Tracks like the downtuned title song “Just A Little More Faith” and “Lord I’m So Glad I Don’t Crave Everything I See” make it sound like Turchi and his band are playing under a full moon deep inside a cemetery instead of in a recording studio. It’s creepy, it’s dark, but the ruckus is enchanting, enticing you to keep listening from afar.
“Patricia,” a slow, cowboy ballad with a slide imitating the cries of a steel guitar, was written by Turchi for his recently departed grandmother.
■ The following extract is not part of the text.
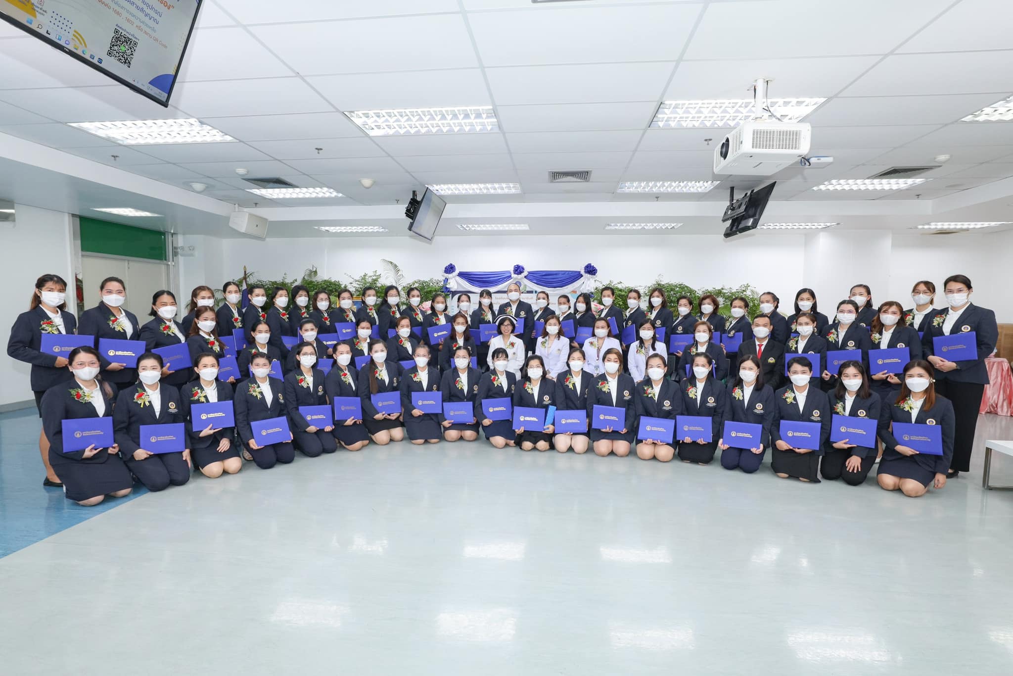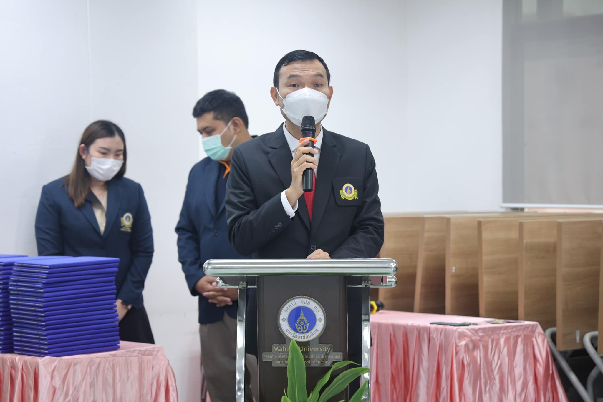 โดยมี รองศาสตราจารย์ ดร.พูลสุข เจนพานิชย์ วิสุทธิพันธ์ ผู้อำนวยการโรงเรียนพยาบาลรามาธิบดี เป็นประธานในพิธีพร้อมกล่าวให้โอวาทและมอบประกาศนียบัตร แก่ ผู้ที่สำเร็จการอบรม พร้อมด้วย ผู้ช่วยศาสตราจารย์ ดร.ปิยะวรรณ โภคพลากรณ์ ผู้ช่วยผู้อำนวยการโรงเรียนพยาบาลรามาธิบดี ด้านบริการวิชาการ กล่าวรายงาน อาจารย์ ดร.เสาวรส คงชีพ ประธานโครงการพัฒนาผู้บริหารระดับต้นทางการพยาบาล และ อาจารย์ ดร.จันทรา แก้วภักดี อาจารย์พยาบาล สาขาวิชาการพยาบาลสุขภาพชุมชน ร่วมกล่าวแสดงความยินดีในครั้งนี้ด้วย

With thought-out and heart-wrenching soul-filled lyrics like, “When you’re out there on the highway / Won’t you carry on my name?” This deeply personal track doesn’t quiver. It stands tall and strong, even in the presence of intense sadness that is undoubtedly fresh in mind.
One particular album standout is the 93-second instrumental “Wallerin,” in which pianist Heather Moulder makes you think you’ve just stepped into a 19th-century saloon where she’s playing only the best ragtime piano tricks. Moulder breaks out her chops after Turchi calls out “Come on Heather, let her rip!” on “My Time Ain’t Now.”
The band ramps up the traditional Christian hymn “Will the Circle Be Unbroken” with a clap-and-stop beat rhythm and some of the strongest and unanimous harmonies in the chorus. “My Time Ain’t Now,” the album’s final track, sounds very doom and gloomy. Moulder’s piano sounds remarkably similar to the “funeral march” before the track transitions into a honky-tonk country song with a I-IV-V blues rhythm pattern.
Just A Little More Faith is a mix of country, blues and gospel influences. Diving deeper, the music grooves, swings and boogies, all while trying to live up to its ancestral influences. While Turchi has spent most of his career aspiring to his Mississippi blues heroes, this new album represents a chance to strive out and put the slide to string on his own stories. And he does so in a dark, dirty, but overwhelmingly authentic and groovy way.